В свете этих откровений как-то невнятно замутился однозначный до того образ хрестоматийного обольстителя Дон Жуана - может, это вовсе не он своих многочисленных дам соблазнял, а они его?
Ведь привычный образ безнравственного бабника был создан в те времена, когда уделом женщины было молчание, и она не смела рассказать миру о своих желаниях и нуждах. Все писатели были мужчины, а если попадались женщины, то они, как Жорж Занд, прикрывались мужскими псевдонимами. Томимые завистью к удачливому сопернику, мужчины-писатели создали легенду о его аморальности и несли ее сквозь века, безнравственно пользуясь зависимым положением женщин, не имеющих права голоса.

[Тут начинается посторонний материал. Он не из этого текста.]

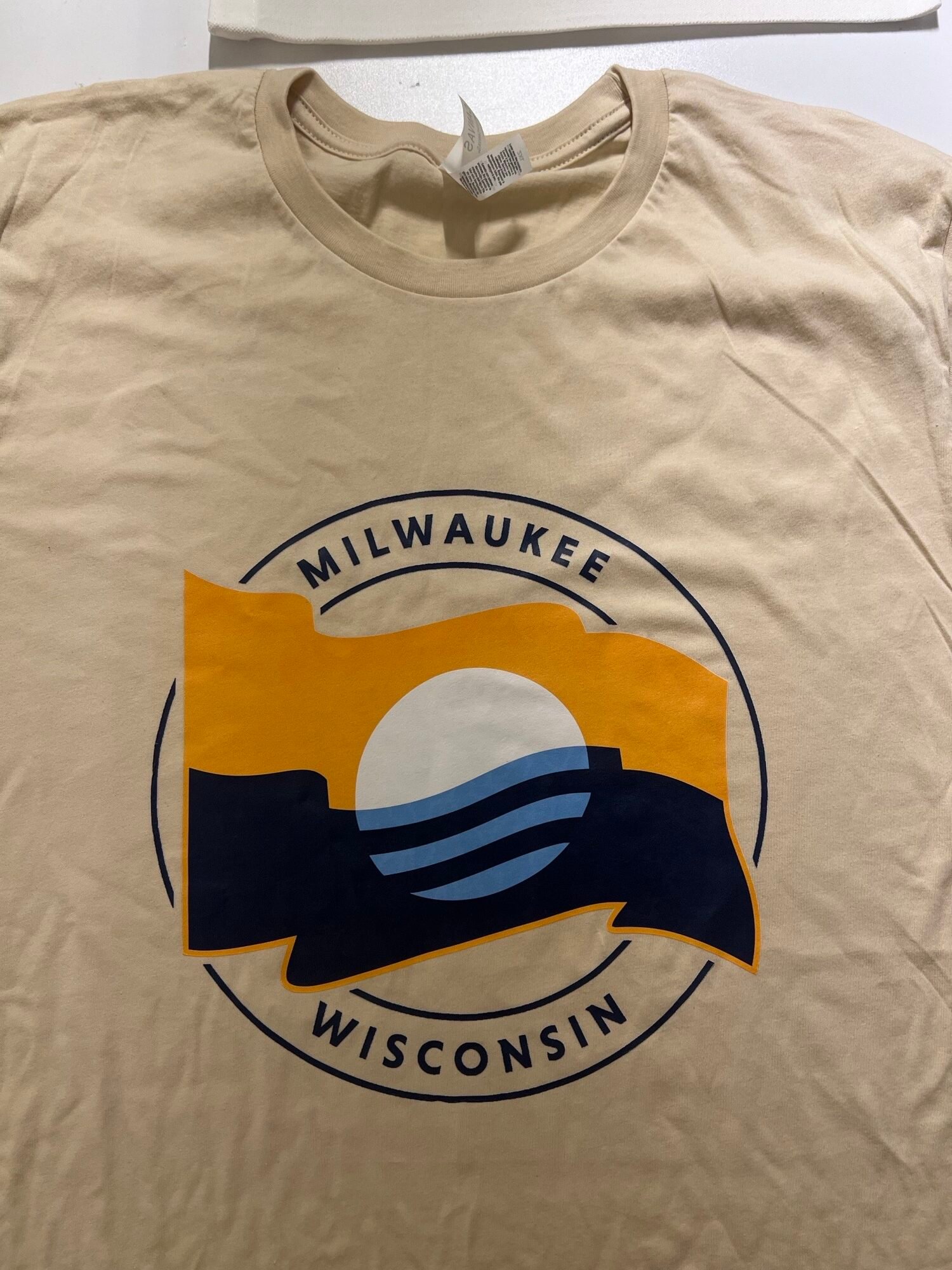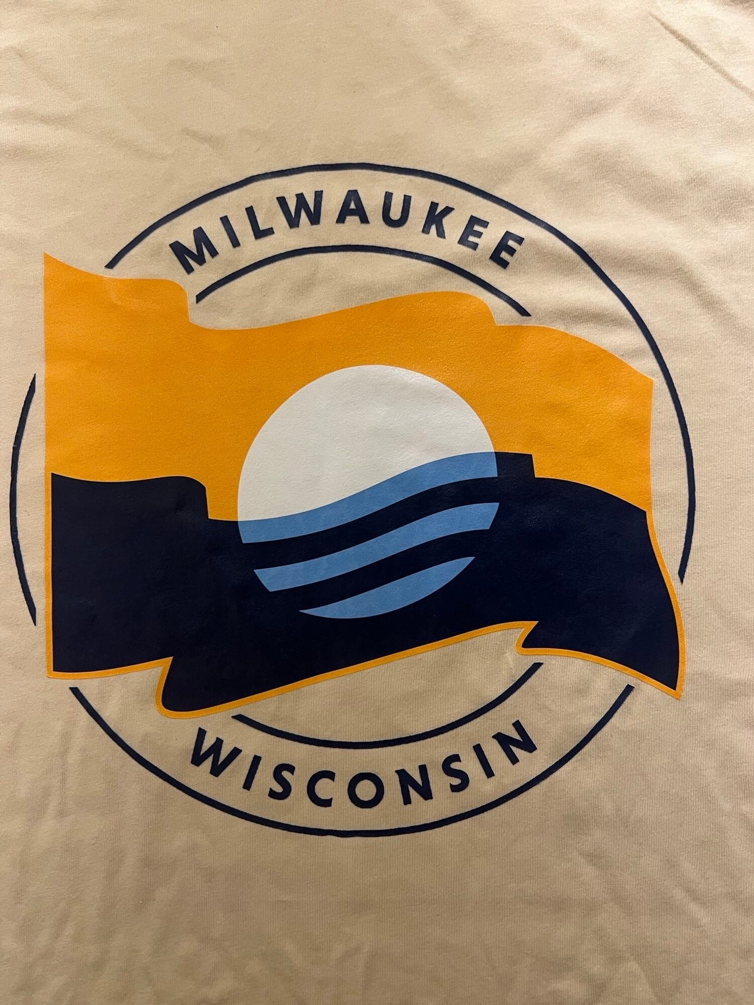 This design features the modern Milwaukee flag in a bold, circular “stamp” style, celebrating the city’s bright future and its beautiful Lake Michigan shoreline.

Но к середине двадцатого века царство мужчин дало течь – по крайней мере, в христианском мире, и на литературные подмостки высыпала толпа пишущих женщин. Они начали переписывать историю человечества с женской точки зрения, откровенно делясь с читателем своими эротическими фантазиями. Не осталось и тени от тех прелестных скромниц, которых совращал коварный Дон Жуан, - их место заняли похотливые амазонки, без стеснения затаскивающие в постель всех встречных-поперечных.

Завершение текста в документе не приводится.